KOMPAS.com - Berusaha untuk tampil tenang, terlihat baik-baik saja, bahkan bahagia bisa dilakukan oleh sebagian besar orang meski mereka sedang mengalami banyak tekanan, merasa sedih, maupun takut. Hal ini semakin mudah dilakukan melalui media sosial.
Pakar Psikologi Universitas Airlangga (Unair), Margaretha Rehulina menjelaskan kondisi yang kerap disebut dengan duck syndrome.
Duck syndrome, terang dia, merupakan terminologi yang digunakan untuk menjelaskan suatu fenomena populer. Istilah duck syndrome pertama kali dimulai di Stanford University, salah satu universitas terkenal di dunia karena mayoritas mahasiswanya merupakan mahasiswa-mahasiswa pilihan.
Pada tahun pertama, biasanya mahasiswa Stanford menampilkan diri seperti bebek (duck), yaitu di atas permukaan air terlihat tenang, padahal di bawah air kakinya sedang berenang dengan sangat cepat.
Baca juga: 5 Alasan Pasangan Selingkuh, Ini Penjelasan Sosiolog Unair
Mereka berusaha terlihat sangat tenang padahal di balik itu sedang melakukan perjuangan yang besar.
“Supaya tidak terlihat kalah, maka mereka harus bersikap seperti bebek yang tenang padahal di balik itu semua sedang mengalami perjuangan, kegelisahan, dan ketakutan,” tuturnya seperti dilansir dari laman Unair, Senin (24/1/2022).
Duck syndrome dapat terjadi karena adanya persoalan yang muncul ketika seseorang sedang berusaha menyesuaikan diri di lingkungan.
Namun, kondisi tersebut akan menjadi masalah apabila apa yang ditampilkan sangat berbeda dengan yang sebenarnya dirasakan.
Baca juga: Serunya Melanjutkan S2 di Turki, Kuliah Gratis hingga Wisata Budaya
Dosen Fakultas Psikologi Universitas Airlangga (FPsi Unair) itu menuturkan bahwa di dunia klinis tidak memakai istilah duck syndrome. Menurutnya duck syndrome bukanlah diagnosa klinis.
Ia menyebutkan bahwa secara umum ada tiga jenis duck syndrome yang sering dialami oleh milenial. Cara menghadapi duck syndrome juga berbeda-beda tergantung pada jenis duck syndrome yang dialami.
Duck Syndrome yang pertama sering dialami oleh orang yang menampilkan diri di sosial media terlihat glamor, sukses, dan bahagia.
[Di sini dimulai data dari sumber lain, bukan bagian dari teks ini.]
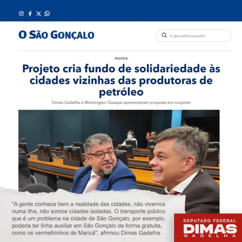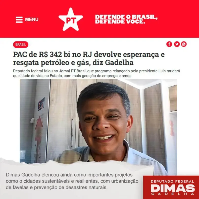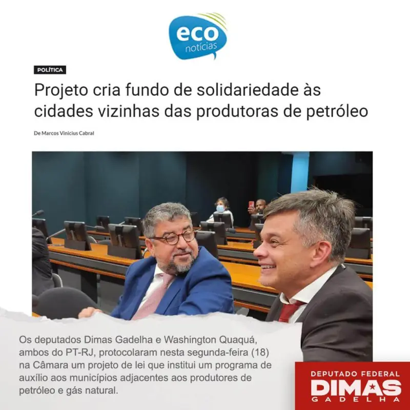 Dimas de Paiva Gadelha Junior, médico sanitarista, filiado ao Partido dos Trabalhadores, atualmente é deputado federal pelo Rio de Janeiro, tendo antes ocupado as secretarias de Saúde no município de São Gonçalo e de Políticas Sociais, Estratégicas e Gestão de Metas em Maricá.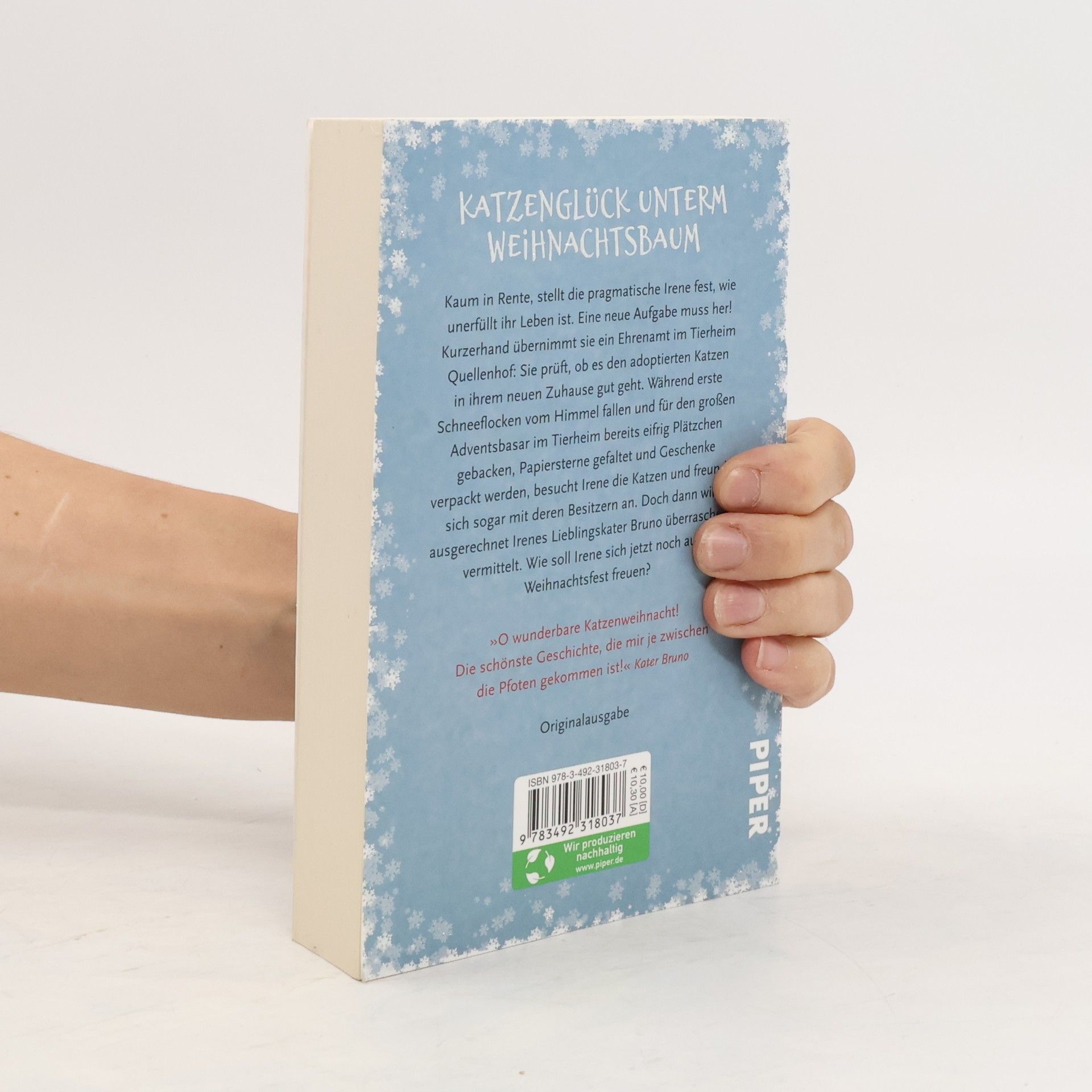 Katzenglück unterm Weihnachtsbaum Kaum ist die pragmatische Irene in Rente, stellt sie fest, dass ihr Leben unerfüllt ist. Kurzerhand übernimmt sie ein Ehrenamt im Tierheim Quellenhof: Sie prüft, ob es den adoptierten Katzen in ihrem neuen Zuhause gut geht. Während erste Schneeflocken vom Himmel fallen und sich das Tierheim auf den großen Adventsbasar vorbereitet, besucht sie die Katzen und lernt deren Besitzer kennen. Doch als ihr Lieblingskater Bruno vermittelt wird, ist Irene untröstlich … wie gut, dass im Tierheim alle zusammenhalten und Irene schließlich ein ganz besonderes Weihnachtsfest bescheren … Ein wunderbar weihnachtlicher Katzenroman von der Autorin von »Auf Samtpfoten zum Glück« und ein perfektes Weihnachtsgeschenk für alle Katzen-Fans!

Padahal di balik itu, dia harus berhutang atau bekerja dengan sangat keras.
Tips menghadapinya adalah dengan lebih jujur untuk dapat menerima diri sendiri. Apa yang dimiliki saat ini adalah hal yang terbaik untuk dirinya.
Tidak perlu berpura-pura dan menipu diri di sosial media untuk menampilkan kesuksesan walaupun sebenarnya itu bukan gambaran dirinya.
“Poinnya adalah menerima diri sendiri agar bisa menjadi pribadi yang otentik,” jelasnya.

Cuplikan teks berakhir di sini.